• ABOUT THIS EXERCISE:
Check each line of the data below for the word "with", then extract the ones that have it.

• MATERIAL PROVIDED:
>>>
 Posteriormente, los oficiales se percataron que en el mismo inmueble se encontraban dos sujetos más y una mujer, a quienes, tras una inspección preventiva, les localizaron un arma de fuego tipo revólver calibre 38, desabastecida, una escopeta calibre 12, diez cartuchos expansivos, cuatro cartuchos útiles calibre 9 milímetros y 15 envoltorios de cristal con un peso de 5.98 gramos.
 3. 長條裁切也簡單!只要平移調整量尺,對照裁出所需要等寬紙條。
<<<
>>>
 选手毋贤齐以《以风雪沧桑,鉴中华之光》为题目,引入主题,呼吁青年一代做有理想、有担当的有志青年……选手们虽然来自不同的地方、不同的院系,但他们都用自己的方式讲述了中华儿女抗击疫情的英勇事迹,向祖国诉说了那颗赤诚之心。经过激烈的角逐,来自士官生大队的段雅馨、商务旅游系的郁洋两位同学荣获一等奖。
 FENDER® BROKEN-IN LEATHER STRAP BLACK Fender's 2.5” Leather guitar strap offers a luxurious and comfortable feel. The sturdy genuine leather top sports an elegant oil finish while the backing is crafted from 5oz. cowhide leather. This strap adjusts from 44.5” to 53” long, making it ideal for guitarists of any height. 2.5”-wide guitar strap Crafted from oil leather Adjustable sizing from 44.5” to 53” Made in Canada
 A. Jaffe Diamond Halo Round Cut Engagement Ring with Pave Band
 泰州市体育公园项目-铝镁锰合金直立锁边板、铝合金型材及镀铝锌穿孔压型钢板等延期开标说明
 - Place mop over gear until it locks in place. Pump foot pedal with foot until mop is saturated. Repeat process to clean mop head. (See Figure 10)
<<<
>>>
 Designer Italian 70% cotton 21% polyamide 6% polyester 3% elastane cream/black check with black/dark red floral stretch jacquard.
<<<
• WRITTEN RESPONSE:
 A. Jaffe Diamond Halo Round Cut Engagement Ring with Pave Band
 - Place mop over gear until it locks in place. Pump foot pedal with foot until mop is saturated. Repeat process to clean mop head. (See Figure 10)
 Designer Italian 70% cotton 21% polyamide 6% polyester 3% elastane cream/black check with black/dark red floral stretch jacquard.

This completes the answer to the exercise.